Your instructions:
Starting at the line that contains "圖為志愿團(tuán)隊(duì)正手拎解暑物資,將其送往關(guān)愛(ài)人群的手中。 吳思遠(yuǎn) 拍攝", return every line through the end of the data exactly, without pictures.

Supplied information:
___
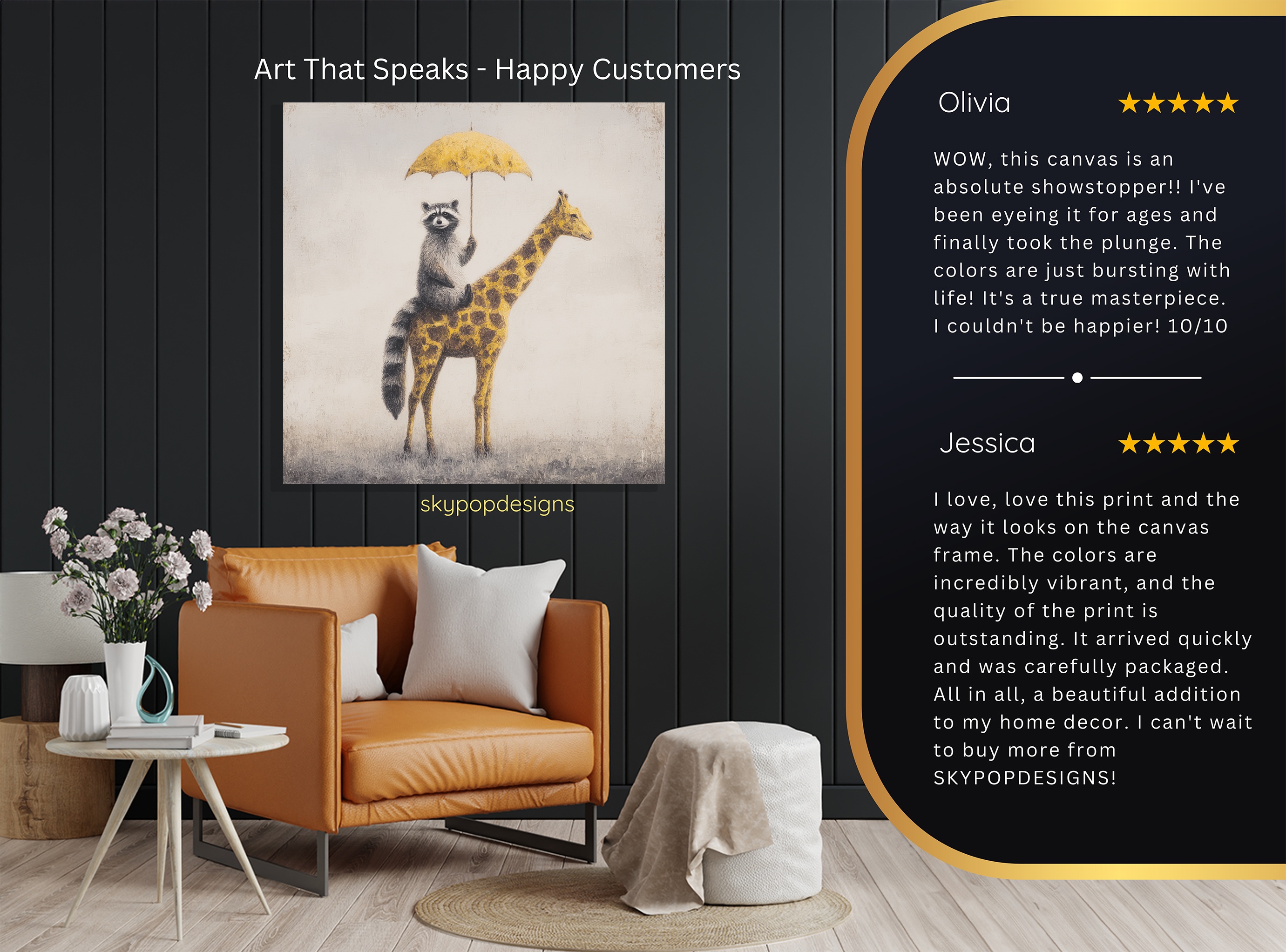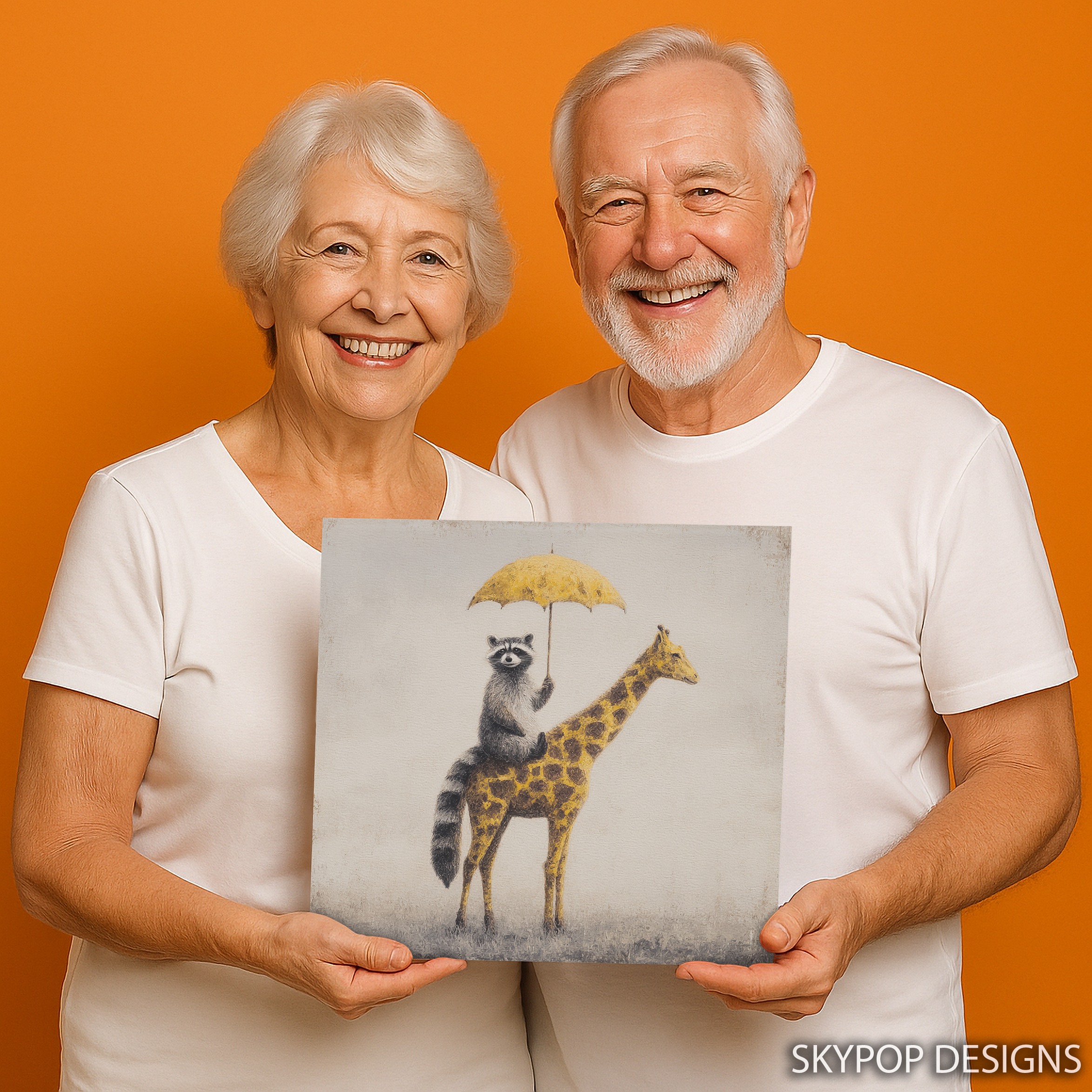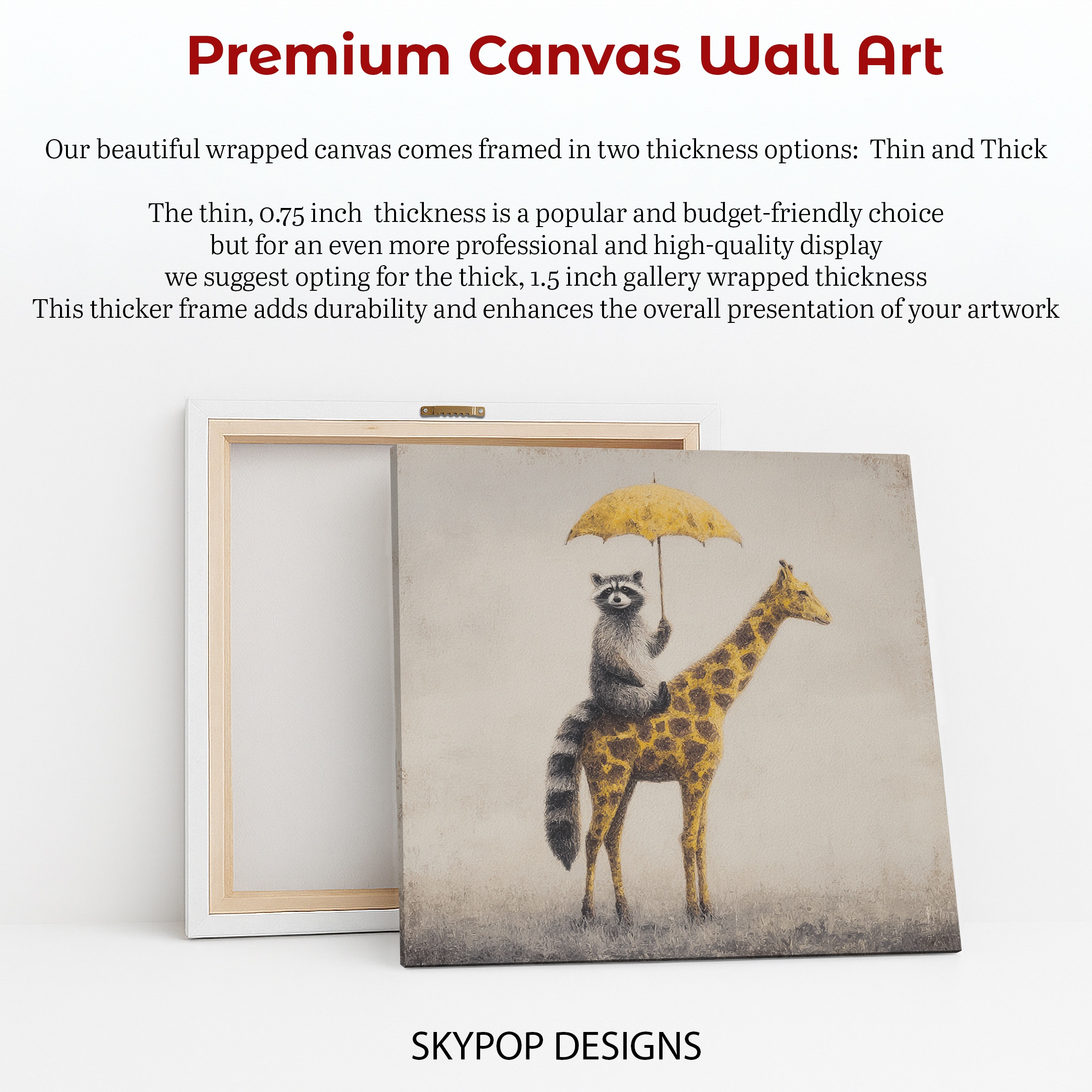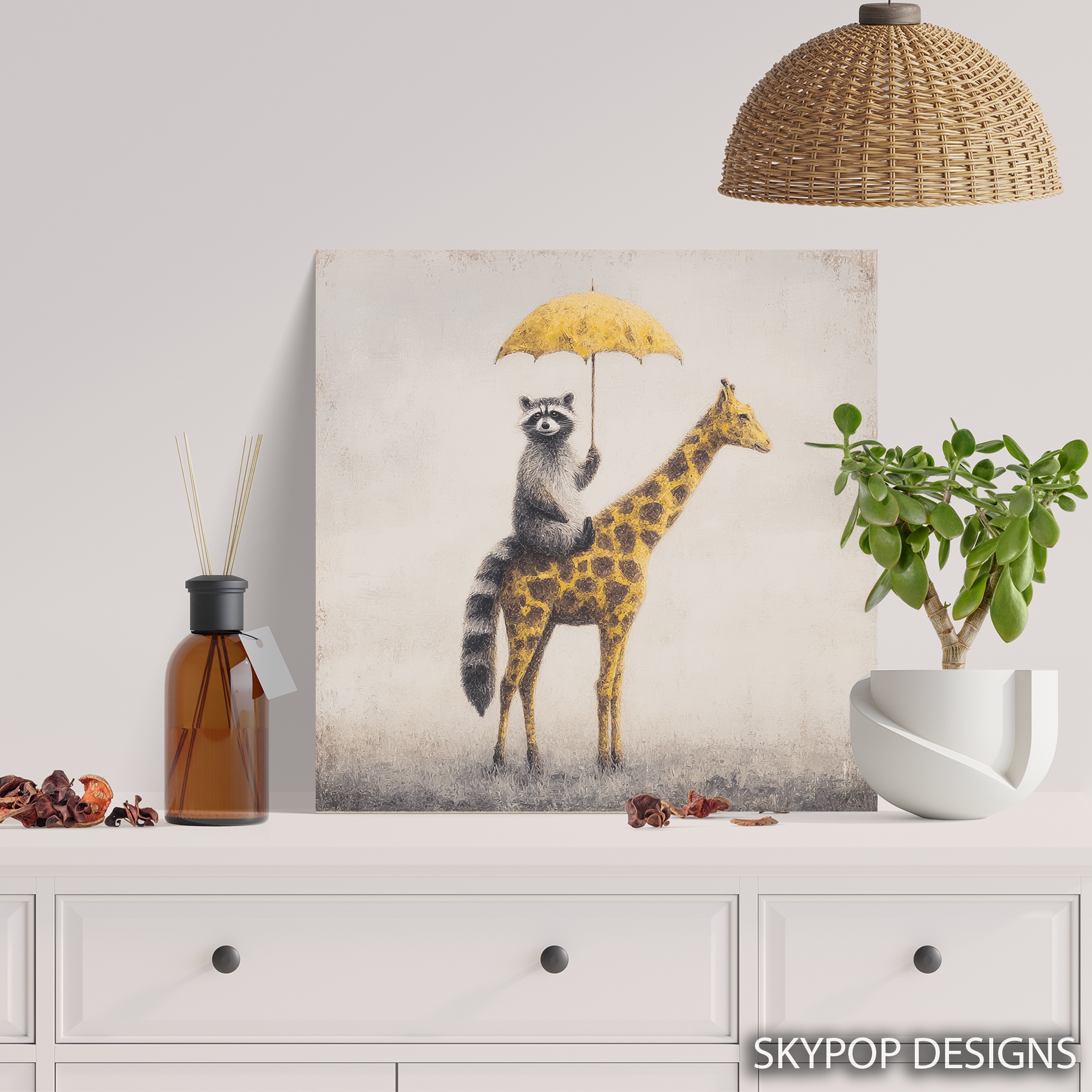 Bring a touch of whimsy to your space with this delightful canvas wall art featuring an unexpected animal duo. This charming poster showcases a clever raccoon perched atop a tall giraffe, holding a bright yellow umbrella. Perfect for modern living room wall decor or as a playful addition to a child’s bedroom, this unique piece sparks joy and imagination. The soft, textured brushstrokes give the artwork a dreamy quality, while the contemporary style keeps it fresh and relevant. Ideal for animal lovers and those with an eclectic taste in home decor, this canvas art effortlessly blends humor with artistic flair. The striking contrast between the grey raccoon, yellow umbrella, and brown giraffe creates a visually appealing composition that draws the eye. Whether you’re looking to add a conversation starter to your office or a whimsical touch to a nursery, this versatile piece fits various interior styles. The artwork’s quirky nature makes it a great gift for birthdays or housewarming parties. Available in multiple sizes, this high-quality canvas print ensures every charming detail is captured. Transform your room with this playful and imaginative animal art that’s sure to bring smiles and spark conversations. Add a dash of creativity to your walls and elevate your space with this unique raccoon and giraffe artwork today!
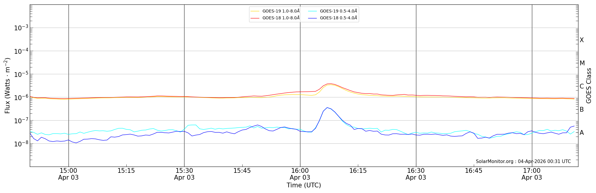 | 2026-04-03T15:50:00 | 16:08:00 | 16:12:00 | 0, -2 | 14409 | C3.8 | HEK : SSW Latest Events |
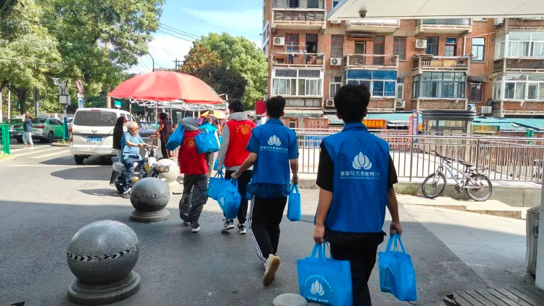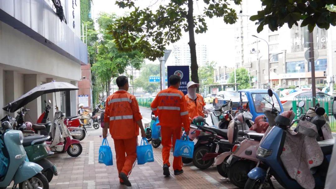 圖為志愿團(tuán)隊(duì)正手拎解暑物資,將其送往關(guān)愛(ài)人群的手中。 吳思遠(yuǎn) 拍攝
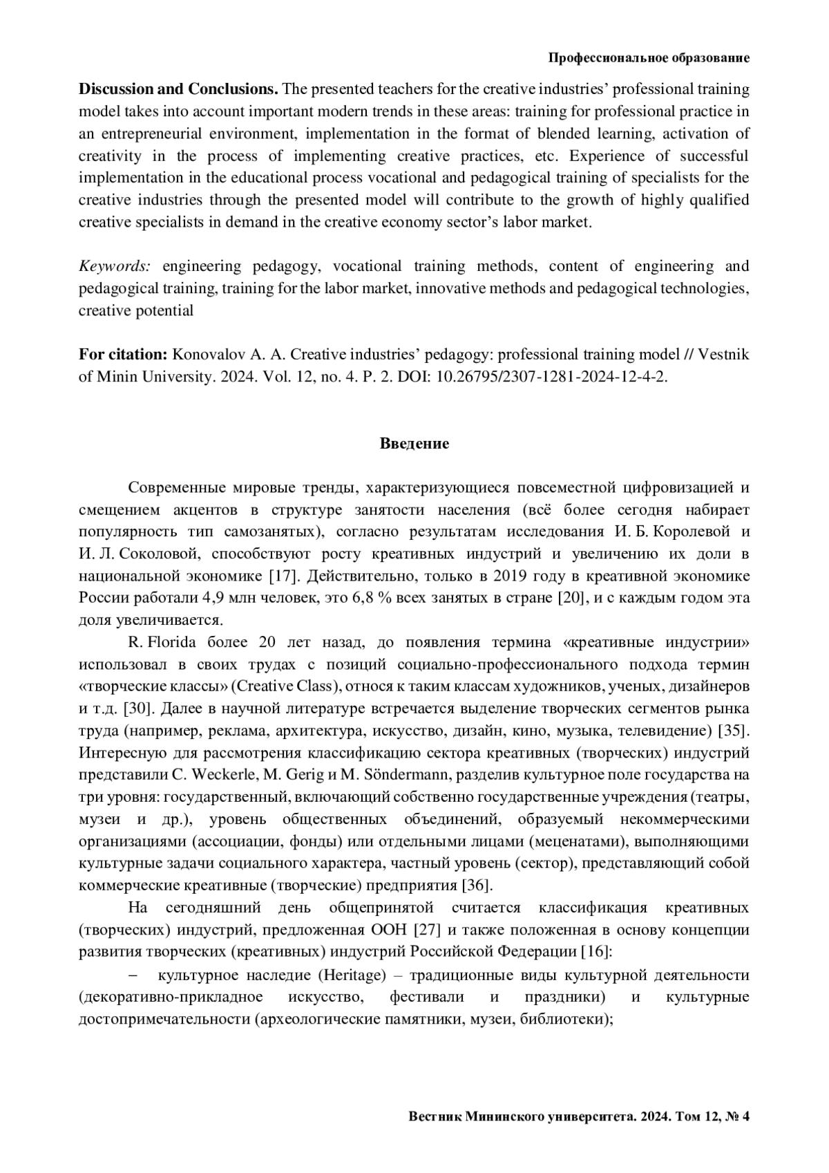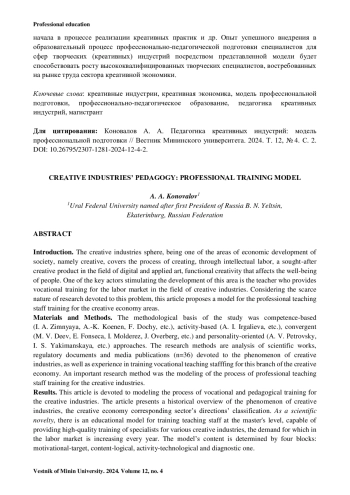 Введение: Сфера креативных индустрий, являясь одним из направлений развития экономики общества, а именно креативной, охватывает процесс создания посредством интеллектуального труда востребованного творческого продукта в области цифрового и прикладного искусства, функционального творчества, влияющего на благосостояние людей. Одним из ключевых акторов, стимулирующих развитие данной сферы, является педагог, обеспечивающий профессиональную подготовку кадров для рынка труда в сфере креативных индустрий. Учитывая дефицитарный характер исследований, посвященных данной проблеме, в настоящей статье предлагается модель профессиональной подготовки профессионально-педагогических кадров для сфер креативной экономики.
___
Task response:
 圖為志愿團(tuán)隊(duì)正手拎解暑物資,將其送往關(guān)愛(ài)人群的手中。 吳思遠(yuǎn) 拍攝
 Введение: Сфера креативных индустрий, являясь одним из направлений развития экономики общества, а именно креативной, охватывает процесс создания посредством интеллектуального труда востребованного творческого продукта в области цифрового и прикладного искусства, функционального творчества, влияющего на благосостояние людей. Одним из ключевых акторов, стимулирующих развитие данной сферы, является педагог, обеспечивающий профессиональную подготовку кадров для рынка труда в сфере креативных индустрий. Учитывая дефицитарный характер исследований, посвященных данной проблеме, в настоящей статье предлагается модель профессиональной подготовки профессионально-педагогических кадров для сфер креативной экономики.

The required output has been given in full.